Diane Arbus would have been celebrating her 90th birthday today. She was an American photographer known for taking controversial square black and white photographers of people whose abnormality seemed ugly to others but beautiful to her.
Diane started a photography business with her husband Allan in 1946 called Diane and Allan Arbus. They took pictures for high-profile magazines such as Glamour, Vogue and Harper’s Bazaar. Diane, however, was never a fan of the ‘fashion world’. In 1956, she started studying different methods of less commercial and creative photography which led her to quit her commercial photography business she set up with her husband that same year.

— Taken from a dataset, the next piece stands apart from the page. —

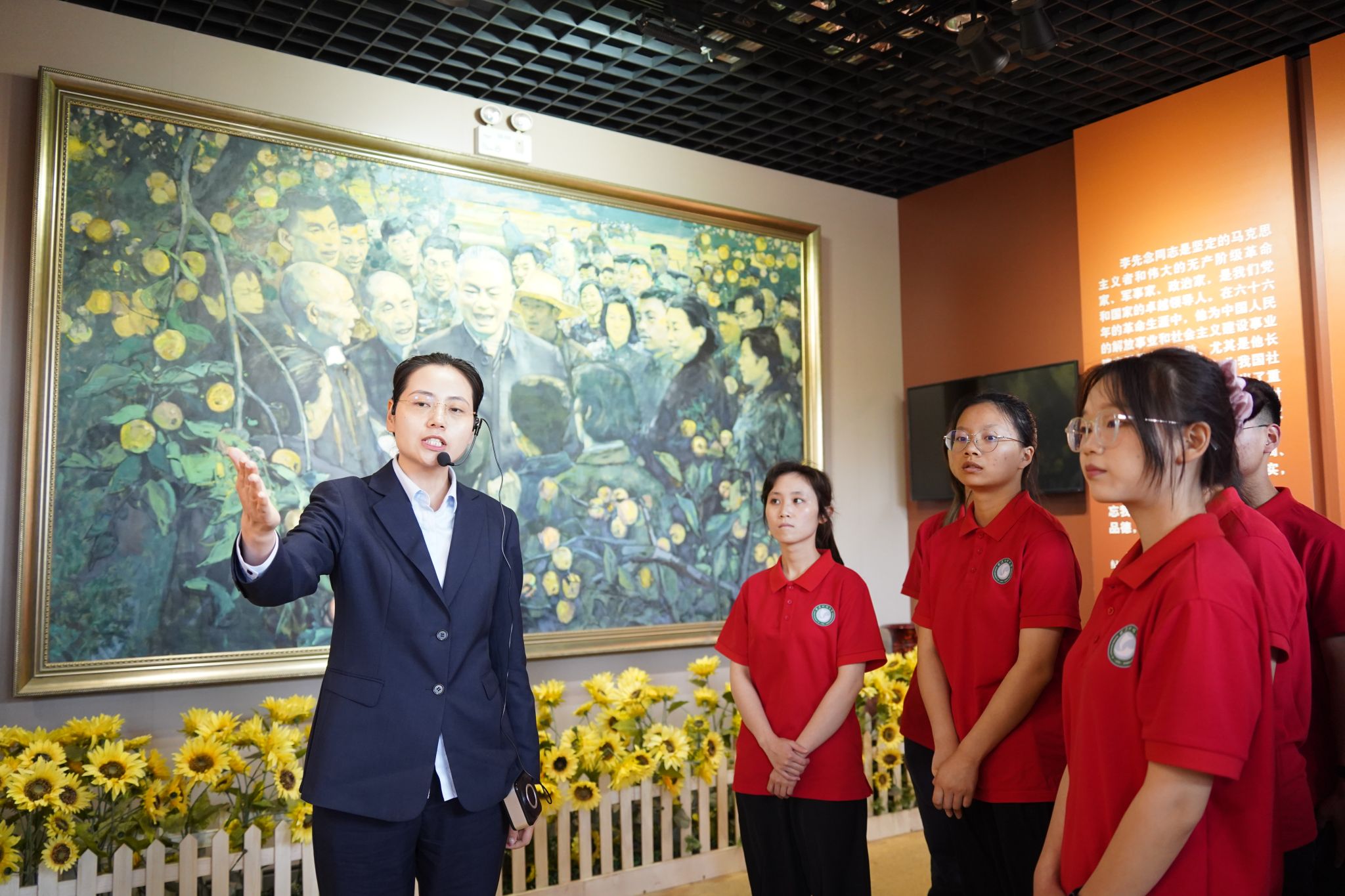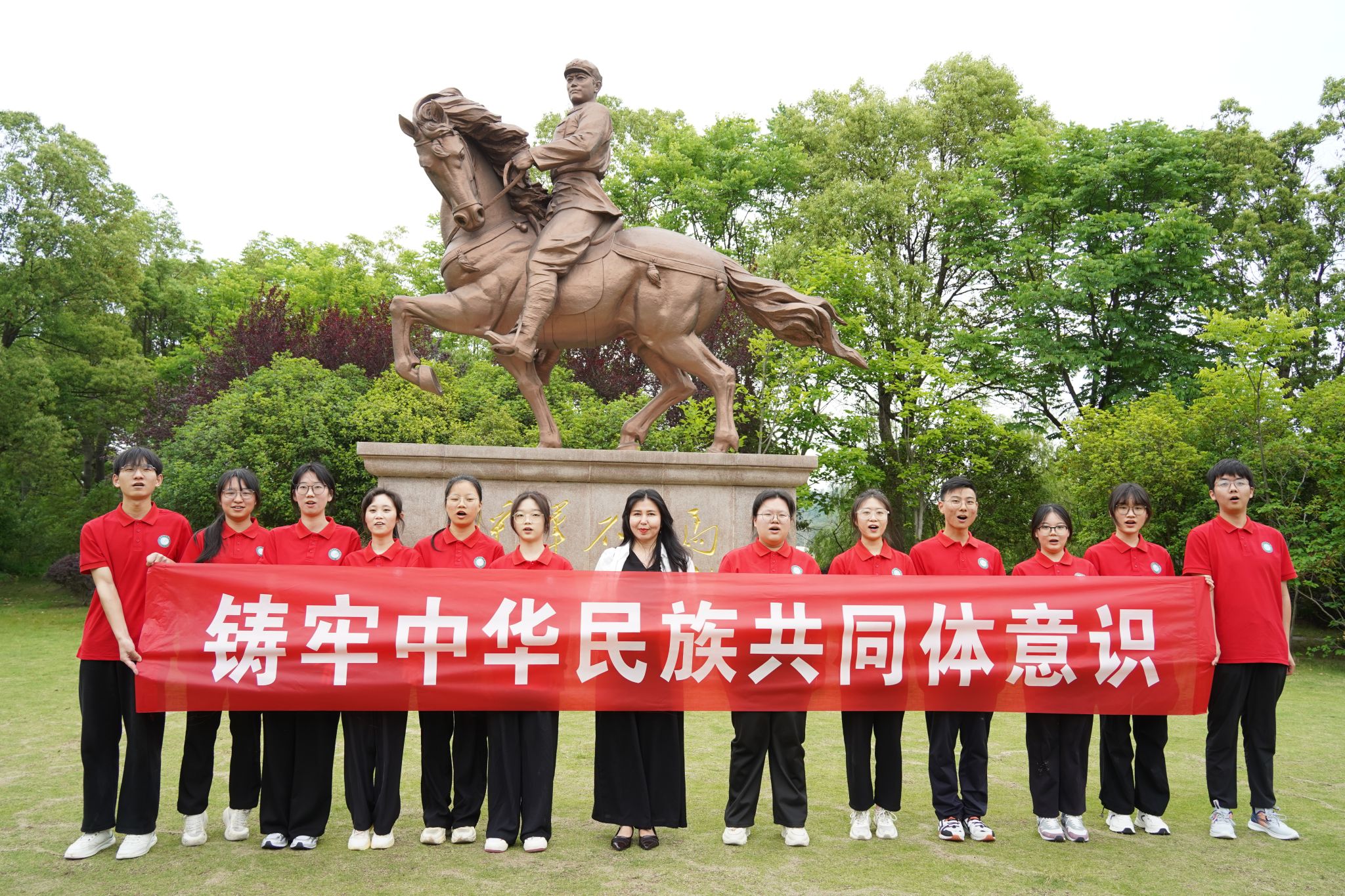 师生在李先念雕塑前合影 孙正恒摄

Diane realised that using softer light and flash in daylight gave a theatrical quality to her images. She stayed clear of working on commercial photography and focused taking images of what she felt was much more artistic – people with mental illness, transsexuals, giants and dwarfs.
Diane gained accolade for some of her work including (my favourite image) ‘Child with toy hand grenade in Central Park 1962’. However, her achievements have been somewhat overshadowed by her untimely death (Diane took her own life on the 26th of July 1971 at the age of 48) and also the controversy her work provoked.
Back in 2003, I was thrilled to hear that the Tate Modern was showing Diane’s work as part of the ‘Cruel and Tender’ exhibition. I had always been a fan of her work and although I had seen some of them in newspapers and magazines, it was a completely different experience viewing them first hand – I was intrigued and fascinated by the subjects in the photos.
I think her work exposes the inner motives of the viewer. Some people see compassion, empathy and understanding whilst others see misuse, exploitation and abuse. Diane once said, ‘I take pictures of things which nobody would see unless I photographed them’. It is said that we often hate in others that which we hate within ourselves. I think she was perhaps simply revealing our own prejudices.